» ASSIGNMENT:
Looking through the listing that follows, count every line with the string "stunning" and state the number alone.

━━━━━━━━

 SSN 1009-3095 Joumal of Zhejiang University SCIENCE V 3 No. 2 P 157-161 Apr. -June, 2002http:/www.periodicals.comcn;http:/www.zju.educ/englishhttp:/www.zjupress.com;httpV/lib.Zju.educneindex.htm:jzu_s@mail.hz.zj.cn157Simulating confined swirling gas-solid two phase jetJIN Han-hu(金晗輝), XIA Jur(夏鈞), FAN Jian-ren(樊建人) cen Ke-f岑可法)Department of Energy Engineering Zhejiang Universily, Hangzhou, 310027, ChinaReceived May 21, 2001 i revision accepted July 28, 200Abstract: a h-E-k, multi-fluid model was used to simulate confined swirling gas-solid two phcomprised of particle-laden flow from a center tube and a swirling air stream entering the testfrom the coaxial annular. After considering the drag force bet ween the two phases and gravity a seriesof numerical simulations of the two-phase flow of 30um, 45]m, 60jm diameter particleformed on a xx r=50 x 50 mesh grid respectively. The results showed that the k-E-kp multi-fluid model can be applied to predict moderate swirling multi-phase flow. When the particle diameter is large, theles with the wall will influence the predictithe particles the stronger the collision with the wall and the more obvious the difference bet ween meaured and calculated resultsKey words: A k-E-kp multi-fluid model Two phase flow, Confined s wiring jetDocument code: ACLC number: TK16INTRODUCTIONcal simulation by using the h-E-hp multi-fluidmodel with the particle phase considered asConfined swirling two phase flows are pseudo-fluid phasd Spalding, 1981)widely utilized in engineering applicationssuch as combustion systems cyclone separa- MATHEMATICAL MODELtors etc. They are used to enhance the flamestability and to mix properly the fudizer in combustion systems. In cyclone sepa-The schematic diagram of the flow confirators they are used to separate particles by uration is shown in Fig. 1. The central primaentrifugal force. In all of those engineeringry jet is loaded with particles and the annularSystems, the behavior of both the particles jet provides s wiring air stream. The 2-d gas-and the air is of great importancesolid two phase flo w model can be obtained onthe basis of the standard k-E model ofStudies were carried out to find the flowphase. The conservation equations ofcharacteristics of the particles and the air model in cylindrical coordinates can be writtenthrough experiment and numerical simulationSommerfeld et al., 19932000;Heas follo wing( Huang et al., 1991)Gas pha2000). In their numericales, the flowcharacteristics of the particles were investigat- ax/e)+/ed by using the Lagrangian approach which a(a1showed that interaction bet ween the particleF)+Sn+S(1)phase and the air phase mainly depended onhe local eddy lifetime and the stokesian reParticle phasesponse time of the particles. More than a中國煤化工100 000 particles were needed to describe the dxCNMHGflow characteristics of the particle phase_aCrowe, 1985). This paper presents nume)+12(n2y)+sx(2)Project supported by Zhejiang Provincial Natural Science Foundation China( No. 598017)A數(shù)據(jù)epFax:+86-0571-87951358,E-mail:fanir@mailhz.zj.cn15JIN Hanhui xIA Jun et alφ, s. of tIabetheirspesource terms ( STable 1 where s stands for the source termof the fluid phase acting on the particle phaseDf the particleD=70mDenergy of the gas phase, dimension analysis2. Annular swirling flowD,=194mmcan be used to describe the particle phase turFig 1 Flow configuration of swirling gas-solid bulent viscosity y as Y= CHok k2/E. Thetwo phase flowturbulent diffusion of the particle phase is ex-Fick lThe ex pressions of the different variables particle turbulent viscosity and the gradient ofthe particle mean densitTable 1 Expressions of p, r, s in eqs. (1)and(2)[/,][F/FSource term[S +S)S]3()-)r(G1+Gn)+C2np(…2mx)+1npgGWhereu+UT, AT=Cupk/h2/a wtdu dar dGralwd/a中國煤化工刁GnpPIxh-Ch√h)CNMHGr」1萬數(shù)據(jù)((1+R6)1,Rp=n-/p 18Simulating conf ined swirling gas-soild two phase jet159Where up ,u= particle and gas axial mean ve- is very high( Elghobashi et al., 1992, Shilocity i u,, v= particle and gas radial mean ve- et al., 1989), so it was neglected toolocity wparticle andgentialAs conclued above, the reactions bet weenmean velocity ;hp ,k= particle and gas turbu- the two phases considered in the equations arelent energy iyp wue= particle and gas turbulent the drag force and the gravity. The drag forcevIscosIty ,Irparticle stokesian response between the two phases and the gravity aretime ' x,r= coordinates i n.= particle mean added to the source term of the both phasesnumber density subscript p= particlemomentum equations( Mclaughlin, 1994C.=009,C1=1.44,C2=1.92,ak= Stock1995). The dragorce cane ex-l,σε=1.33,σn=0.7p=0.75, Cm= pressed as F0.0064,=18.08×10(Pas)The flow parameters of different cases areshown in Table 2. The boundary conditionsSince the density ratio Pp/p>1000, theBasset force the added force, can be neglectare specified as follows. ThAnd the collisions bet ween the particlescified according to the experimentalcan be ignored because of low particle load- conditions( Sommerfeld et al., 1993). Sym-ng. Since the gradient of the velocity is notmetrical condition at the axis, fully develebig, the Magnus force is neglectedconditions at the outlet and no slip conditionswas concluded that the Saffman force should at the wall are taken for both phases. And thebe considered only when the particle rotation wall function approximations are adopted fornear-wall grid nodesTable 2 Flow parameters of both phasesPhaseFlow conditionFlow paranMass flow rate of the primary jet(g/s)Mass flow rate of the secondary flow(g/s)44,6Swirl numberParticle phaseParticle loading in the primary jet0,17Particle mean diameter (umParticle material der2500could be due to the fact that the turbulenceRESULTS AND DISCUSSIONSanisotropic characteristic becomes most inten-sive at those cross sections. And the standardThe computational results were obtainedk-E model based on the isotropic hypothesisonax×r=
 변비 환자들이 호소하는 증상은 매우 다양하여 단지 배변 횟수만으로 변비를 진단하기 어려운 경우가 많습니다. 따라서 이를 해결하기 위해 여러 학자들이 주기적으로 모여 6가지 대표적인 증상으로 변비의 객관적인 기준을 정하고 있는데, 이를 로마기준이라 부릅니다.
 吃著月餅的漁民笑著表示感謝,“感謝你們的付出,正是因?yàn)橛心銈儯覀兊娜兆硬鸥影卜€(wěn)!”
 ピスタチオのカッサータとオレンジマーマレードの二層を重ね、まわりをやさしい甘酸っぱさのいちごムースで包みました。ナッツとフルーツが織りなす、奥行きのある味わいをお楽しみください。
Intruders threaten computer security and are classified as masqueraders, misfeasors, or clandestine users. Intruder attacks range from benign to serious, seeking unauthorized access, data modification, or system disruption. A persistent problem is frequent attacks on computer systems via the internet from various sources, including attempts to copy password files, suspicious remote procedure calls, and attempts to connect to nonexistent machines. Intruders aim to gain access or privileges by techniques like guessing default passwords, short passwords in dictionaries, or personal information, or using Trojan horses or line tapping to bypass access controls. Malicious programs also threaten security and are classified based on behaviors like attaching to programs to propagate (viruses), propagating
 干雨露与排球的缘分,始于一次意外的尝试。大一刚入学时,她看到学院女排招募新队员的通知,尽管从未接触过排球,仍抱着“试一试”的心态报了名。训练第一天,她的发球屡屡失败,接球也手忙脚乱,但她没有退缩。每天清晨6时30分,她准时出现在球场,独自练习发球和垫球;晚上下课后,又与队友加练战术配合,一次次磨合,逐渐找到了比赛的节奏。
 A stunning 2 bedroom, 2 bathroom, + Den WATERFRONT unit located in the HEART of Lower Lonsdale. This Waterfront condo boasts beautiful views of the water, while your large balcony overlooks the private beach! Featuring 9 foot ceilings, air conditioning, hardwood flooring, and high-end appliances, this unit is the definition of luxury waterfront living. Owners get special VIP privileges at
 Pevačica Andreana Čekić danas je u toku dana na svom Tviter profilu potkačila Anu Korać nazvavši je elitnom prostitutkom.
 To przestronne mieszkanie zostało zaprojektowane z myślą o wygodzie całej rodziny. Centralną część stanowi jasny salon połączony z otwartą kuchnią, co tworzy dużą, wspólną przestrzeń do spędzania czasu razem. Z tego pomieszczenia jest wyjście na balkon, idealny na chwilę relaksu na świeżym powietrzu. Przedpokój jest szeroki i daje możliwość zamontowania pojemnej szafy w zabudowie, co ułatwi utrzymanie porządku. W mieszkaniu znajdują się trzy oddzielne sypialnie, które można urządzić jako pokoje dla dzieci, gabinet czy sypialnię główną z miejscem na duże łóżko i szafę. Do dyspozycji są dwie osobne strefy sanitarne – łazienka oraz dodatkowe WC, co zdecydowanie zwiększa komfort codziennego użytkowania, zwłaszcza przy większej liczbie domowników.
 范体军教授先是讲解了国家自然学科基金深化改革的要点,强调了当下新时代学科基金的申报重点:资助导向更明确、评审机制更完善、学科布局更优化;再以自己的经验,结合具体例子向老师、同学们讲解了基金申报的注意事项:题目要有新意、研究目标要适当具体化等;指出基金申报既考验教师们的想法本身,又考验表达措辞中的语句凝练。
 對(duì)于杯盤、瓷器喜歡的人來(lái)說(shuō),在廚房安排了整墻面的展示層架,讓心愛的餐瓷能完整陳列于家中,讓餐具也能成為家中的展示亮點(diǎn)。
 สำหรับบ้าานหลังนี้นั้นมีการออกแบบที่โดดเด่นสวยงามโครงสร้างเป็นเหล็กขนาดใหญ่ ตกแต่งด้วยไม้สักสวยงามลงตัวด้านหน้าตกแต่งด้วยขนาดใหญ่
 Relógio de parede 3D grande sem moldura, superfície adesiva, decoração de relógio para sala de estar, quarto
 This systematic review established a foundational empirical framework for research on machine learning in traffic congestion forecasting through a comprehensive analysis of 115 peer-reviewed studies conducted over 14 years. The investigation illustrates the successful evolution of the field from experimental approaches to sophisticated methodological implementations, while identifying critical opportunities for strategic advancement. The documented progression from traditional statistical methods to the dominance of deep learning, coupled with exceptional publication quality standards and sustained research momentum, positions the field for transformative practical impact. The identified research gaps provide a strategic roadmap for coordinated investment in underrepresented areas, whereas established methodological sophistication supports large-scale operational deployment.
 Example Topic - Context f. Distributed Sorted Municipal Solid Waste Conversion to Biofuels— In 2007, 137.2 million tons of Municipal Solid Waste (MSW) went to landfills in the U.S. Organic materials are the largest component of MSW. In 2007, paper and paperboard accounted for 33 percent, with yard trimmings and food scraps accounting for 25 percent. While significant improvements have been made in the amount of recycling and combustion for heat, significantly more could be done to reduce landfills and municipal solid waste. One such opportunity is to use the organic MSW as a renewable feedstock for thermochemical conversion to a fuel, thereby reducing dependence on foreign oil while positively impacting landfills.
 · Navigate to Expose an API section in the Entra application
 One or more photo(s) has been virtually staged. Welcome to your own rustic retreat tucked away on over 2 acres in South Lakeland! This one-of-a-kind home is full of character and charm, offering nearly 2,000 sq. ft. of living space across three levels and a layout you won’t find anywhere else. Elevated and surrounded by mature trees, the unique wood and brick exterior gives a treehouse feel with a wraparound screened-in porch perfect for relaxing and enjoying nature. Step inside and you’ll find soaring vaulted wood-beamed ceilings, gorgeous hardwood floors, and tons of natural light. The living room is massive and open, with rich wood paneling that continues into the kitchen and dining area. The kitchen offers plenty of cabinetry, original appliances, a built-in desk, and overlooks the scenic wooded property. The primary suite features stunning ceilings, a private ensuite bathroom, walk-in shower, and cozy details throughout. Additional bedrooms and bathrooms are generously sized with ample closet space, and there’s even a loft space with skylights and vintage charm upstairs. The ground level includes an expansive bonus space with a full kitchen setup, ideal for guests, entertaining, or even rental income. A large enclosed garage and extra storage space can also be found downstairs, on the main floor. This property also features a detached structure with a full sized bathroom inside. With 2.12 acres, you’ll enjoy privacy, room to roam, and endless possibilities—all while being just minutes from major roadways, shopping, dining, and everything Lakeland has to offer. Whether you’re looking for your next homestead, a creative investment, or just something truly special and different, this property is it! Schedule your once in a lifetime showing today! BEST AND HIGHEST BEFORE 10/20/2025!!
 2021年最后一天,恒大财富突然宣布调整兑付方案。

━━━━━━━━

» RESPONSE AREA:
2